PriceSensitive

East West Bioscience’s revenue slides

Cannabis
02 April 2020 14:22 (EDT)

East West Bioscience Inc (TSXV:EAST) have posted a $200,000 dip in revenue for the period ended January 31, but margins increased.

The company’s revenue fell from $528,199 in 2018 to $370,017 in 2019.

East West realised higher margins for the period, lower expenditures and a lower net loss.

Gross margin for the quarter was up to 44 per cent, compared to 25 per cent in the previous corresponding period.

The increase was on the back of increased margins on self-manufactured products made Orchard Vale Naturals, a subsidiary of East West.

The company has changed from high volume low margin products to focus on a different product line.

This follows strategies most cannabis companies are trending towards, as brands become more established in the very young sector.

East West decreased costs by $597,327 from $1.15 million in 2018 down to $555,586 in 2019, a total of 52 per cent.

The decreases came through a huge reduction in consultancy fees, business development, marketing, professional fees, stock-based compensation, lowered rent and a number of other costs.

The company cut costs dramatically by closing it’s head office in Saskatoon and moving into the Penticton production facility.

The company also dramatically reduced it’s use of outside consultants, instead bringing on a greater internal workforce to manage workload.
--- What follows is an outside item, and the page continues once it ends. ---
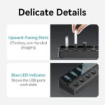 Múltiples puertos: Equipado con 4 puertos USB para conectar varios dispositivos simultáneamente, facilitando la expansión de tu sistema.

The company’s joint venture also reduced cost, as mutually beneficial costs were shared with their joint venture partner Azema Sciences Inc.

The joint venture is now in production of CBD distillates and tinctures and is in the process of developing other CBD finished goods for sale.

The company still has $2.5 million in debt, with a working capital deficiency of $1.7 million at the end of Q2 2020 when compared to $1.6 million at the end of 2019.

East West Bioscience (TSXV:EAST) is holding steady at $0.015 per share at 1:54 pm EST.